# What to work on
Give again the lines from the line with "Handcrafted 925 Sterling" to the last line of the records, exactly and in full. Do not carry over any pictures.

Data excerpts
• • • • • • •
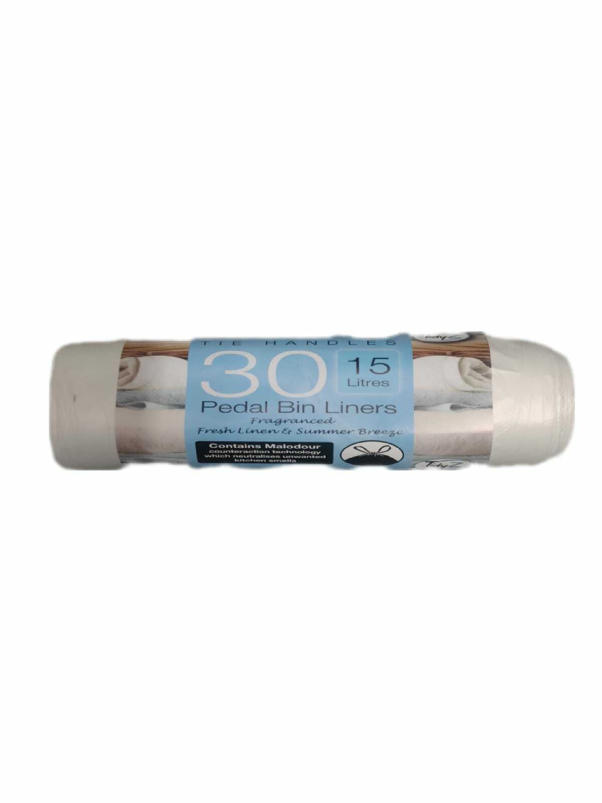 30 Pedal Bin Liners Tie Handles Standard Fresh Linen & Summer Breeze Bags 15L
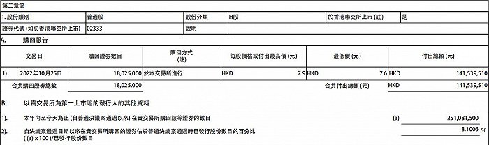 长城汽车10月25日公告,于当日斥资1.42亿港元回购1802.5万股公司股份,回购价格为每股7.6-7.9港元。
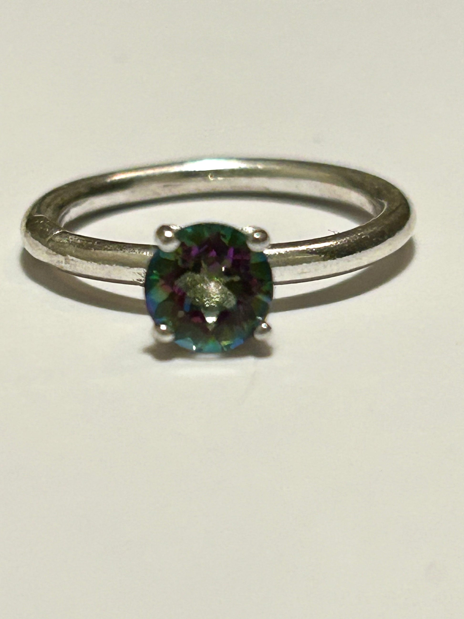 Handcrafted 925 Sterling silver 6mm round mystic fire topaz facted stone with a 4 pronged crown setting on a plain ring
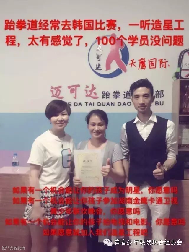 跆拳道经常去韩国比赛,一听造星工程,太有感觉了,100个学员没问题。
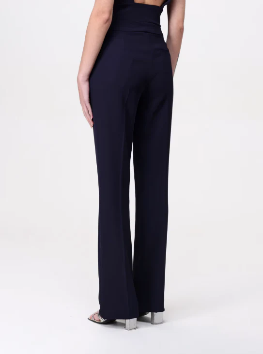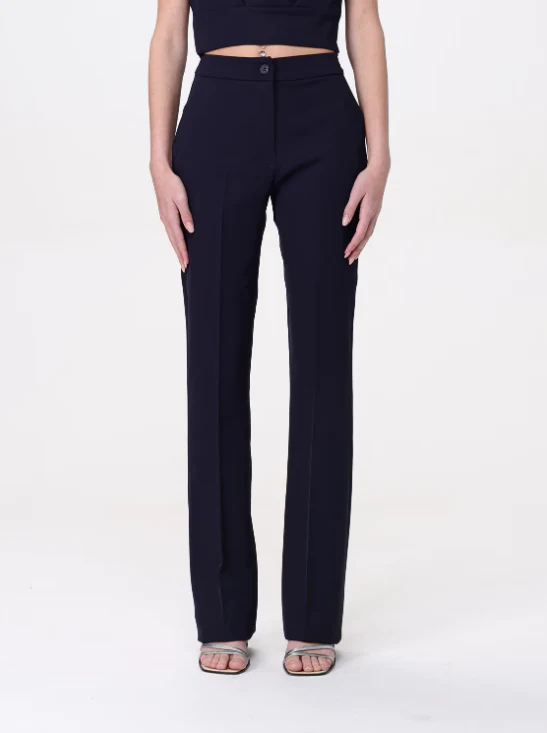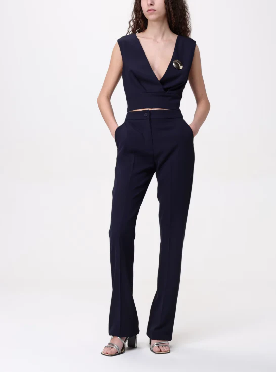 Pantalone Hanita donna, modello sartoriale, con bottone e zip a scomparsa, tasche america a filetto posteriore, vita alta, colore blu
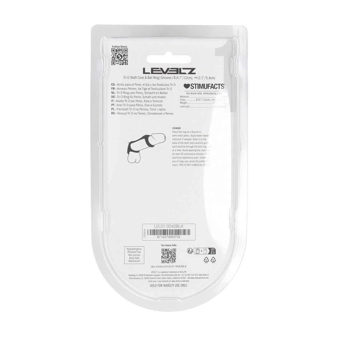 This Tri-O design from the LEVELZ collection features three connected loops: one for the shaft, one for the cock balls, and an additional stabilizing ring for a secure, full-package fit. Crafted from smooth, body-safe silicone, this non-vibrating harness-style ring enhances pressure, control, and visual appeal. Packaged in a sleek clamshell for bold retail impact.
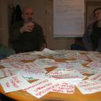 Aztán a reggel ránéztünk erre az eredményre, átéreztük annak a felelősségét, hogy az összes cetli mögött emberek, közösségek vannak. Majd úgy határoztunk lekerekítjük a tegnapi bemutatkozásunkat az egyéni küldetéseink megvalósításával és az ezekből összegyűjtöttük a számunkra fontos (közös) fogalmakat. A végén megállapítottuk, hogy a fogalmak mögött lévő értékeink nagyon közel állnak egymáshoz, azaz közös érték alapon vagyunk.
• • • • • • •
# Solved exercise
 Handcrafted 925 Sterling silver 6mm round mystic fire topaz facted stone with a 4 pronged crown setting on a plain ring
 跆拳道经常去韩国比赛,一听造星工程,太有感觉了,100个学员没问题。
 Pantalone Hanita donna, modello sartoriale, con bottone e zip a scomparsa, tasche america a filetto posteriore, vita alta, colore blu
 This Tri-O design from the LEVELZ collection features three connected loops: one for the shaft, one for the cock balls, and an additional stabilizing ring for a secure, full-package fit. Crafted from smooth, body-safe silicone, this non-vibrating harness-style ring enhances pressure, control, and visual appeal. Packaged in a sleek clamshell for bold retail impact.
 Aztán a reggel ránéztünk erre az eredményre, átéreztük annak a felelősségét, hogy az összes cetli mögött emberek, közösségek vannak. Majd úgy határoztunk lekerekítjük a tegnapi bemutatkozásunkat az egyéni küldetéseink megvalósításával és az ezekből összegyűjtöttük a számunkra fontos (közös) fogalmakat. A végén megállapítottuk, hogy a fogalmak mögött lévő értékeink nagyon közel állnak egymáshoz, azaz közös érték alapon vagyunk.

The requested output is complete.